それは「敵意帰属バイアス」だ。昔この言葉で記事を書いたこともあるけど、回り回って再びここに辿り着いたのは、結構不思議だが納得の着地だと思う。

 

さて。まずこのバイアスの定義を改めて紹介すると、こんな感じになる。

 

皆さんは『敵意帰属バイアス』ってご存じでしょうか?少し説明します。


心理学および社会心理学の概念の一つで、他人の行動を敵意的な意図を持って行われたものと誤って解釈する傾向を指します。

 

具体的には、他人の行動をネガティブな意図を持って行われたものと受け止め、その結果、他人に対して不信感や敵意を抱くことが特徴になります。

 

このバイアスは、対人関係やコミュニケーションにおいて重要な役割を果たし、敵意帰属バイアスを持った人は、他人の行動を過度に否定的に解釈し、一般的に敵対的な意図を読み取りやすい傾向があります。

 

これにより、誤解や対立が生じ、対人関係が悪化する可能性が高まります。

eachother.me

 

そしてこのバイアスに自己肯定感の低さや、身も蓋も無いが知性の低さが絡み合うと、他者の成功≒自分を貶めるものだ!という思考、理不尽な攻撃性に成り代わる

 

余談だが、ものすごく皮肉っぽいのだが、同時にとても面白い法則に、ダニングクルーガー効果というものがある。

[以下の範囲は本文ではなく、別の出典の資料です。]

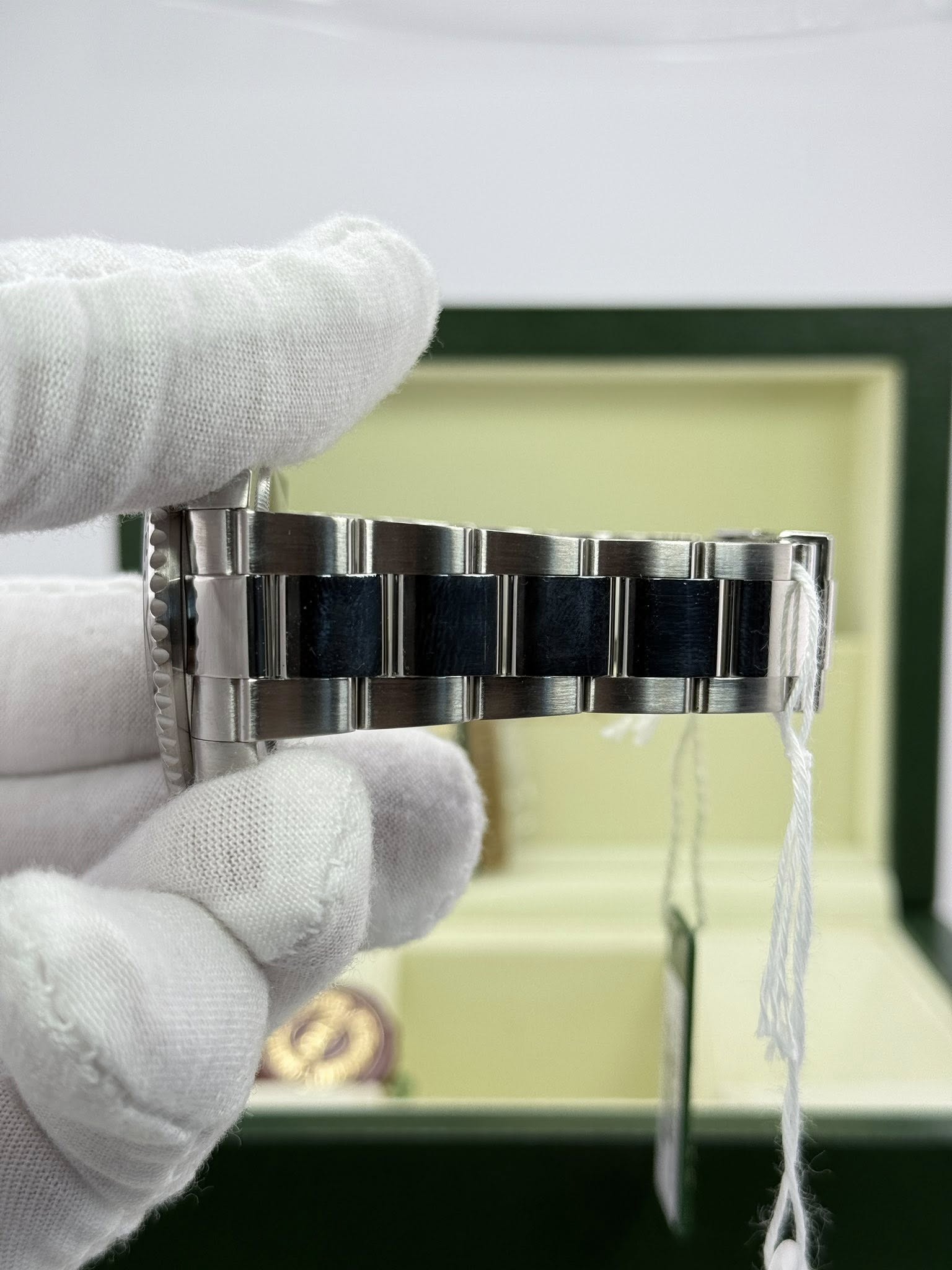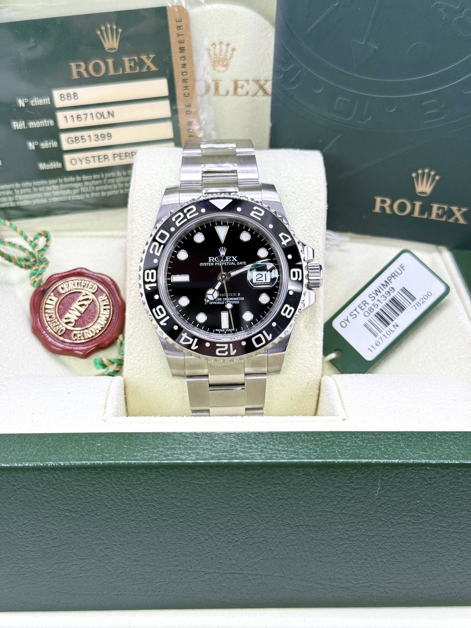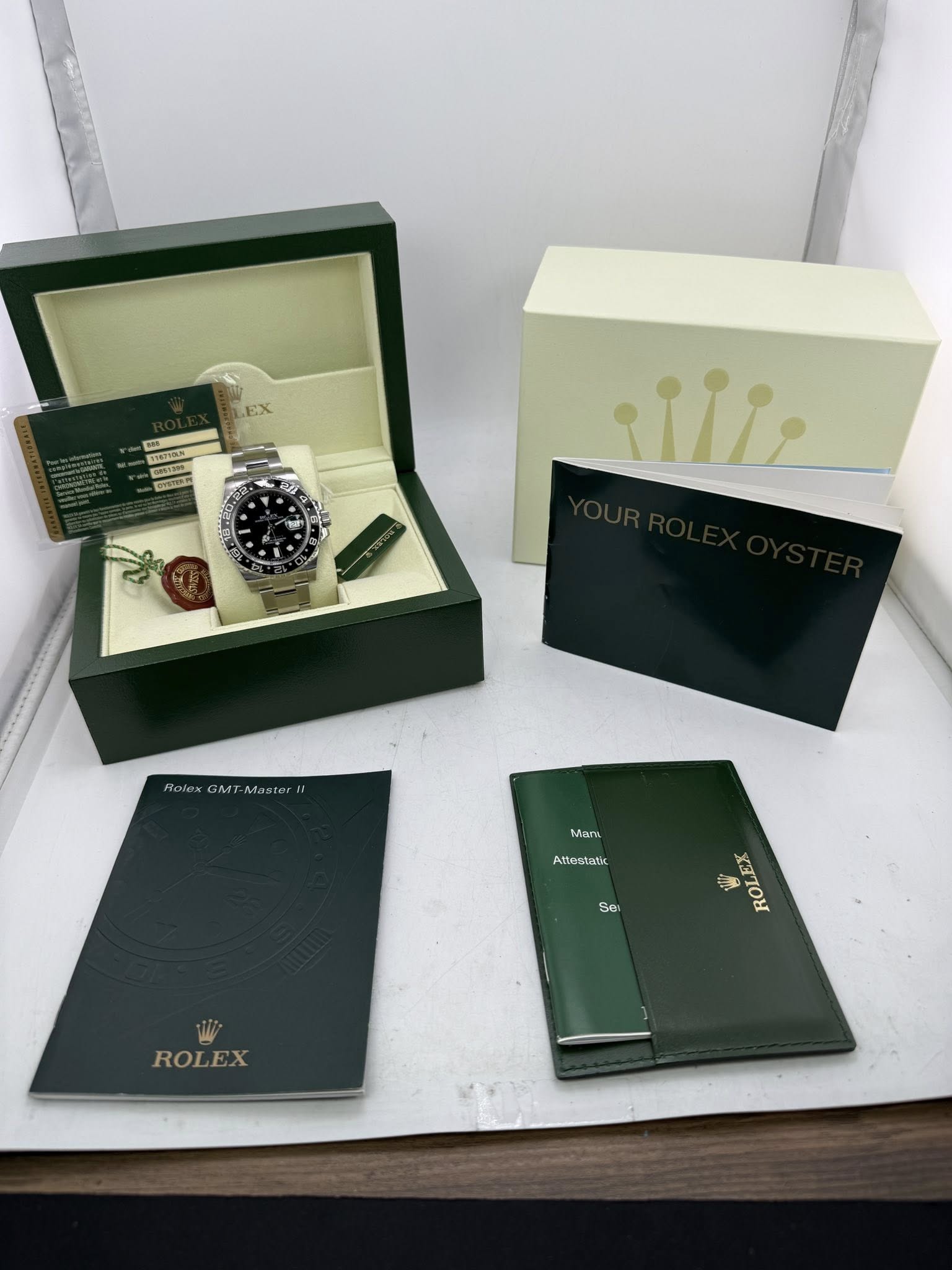 This is the young Bruce Wayne before he started going grey. A 40mm GMT Master II. It features a black ceramic rotating bezel, oyster bracelet with flip lock Clasp and beautiful black dial. the green arrow with green gmt hand one of the best builds. Recently cleaned and pressure tested its running great.
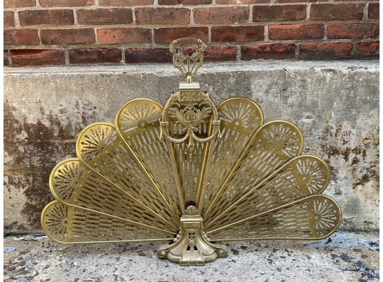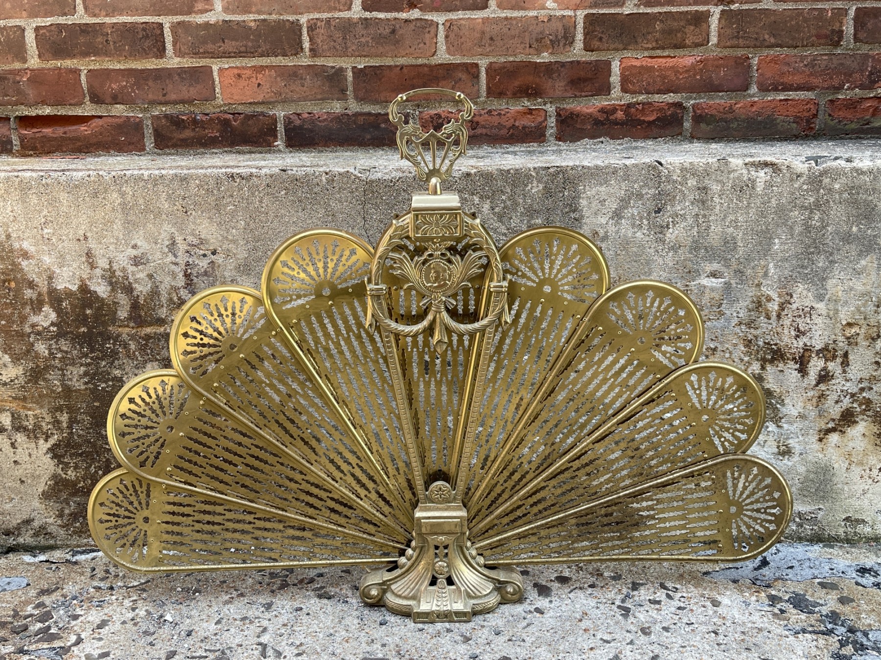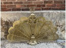 Victorian style brass peacock fireplace folding fan screen that is sometimes also used as a window screen. It is adorned with a finial/handle with a dragon motif on top for carrying it. The intricate detail of the filigree cut out screen creates an amazing reflection as it catches the light. There are four fans on each side and one in the center. You simply fold it up when you want to make it smaller. It measures 27 inches tall and 9 inch wide base when closed and 37 inches wide when opened.

【知っておきたい】ダニングクルーガー効果とは? なぜ自分を過大評価してしまうのか | リカレント


雑に言えば、思慮も経験値も浅い人ほど、自分は平均より高い!デキる!と自己評価をし易いという話だ。これを知ると、アンチの言動について、滅茶苦茶納得感が強まる。

 

彼らはダニングクルーガー効果で説明がつく謎の自信と、他者に対してとりあえず不信感と攻撃性を用いてコミュニケーションするという謎のシステムを兼ね備えている。

 

まだ子供であれば、成長途上で仕方ないと微笑ましく思うけれど、いっぱしの大人になってこうなっていると、目も当てられない惨状だとさえ感じる。

 

裏を知れば知るほど、本当の意味でスルーの大切さが学べたように思う。何の、とは言わないが、コメント欄はある種の見本市なんだなと、そう感じる。

 

―ということで、乱暴にまとめれば、小説や物語文を読解するときみたく、理解できない部分は少しでも腑に落ちるまで情報を集めた方が吉ですよ、と。

 

そんな話でございますた。では今日はこの辺で。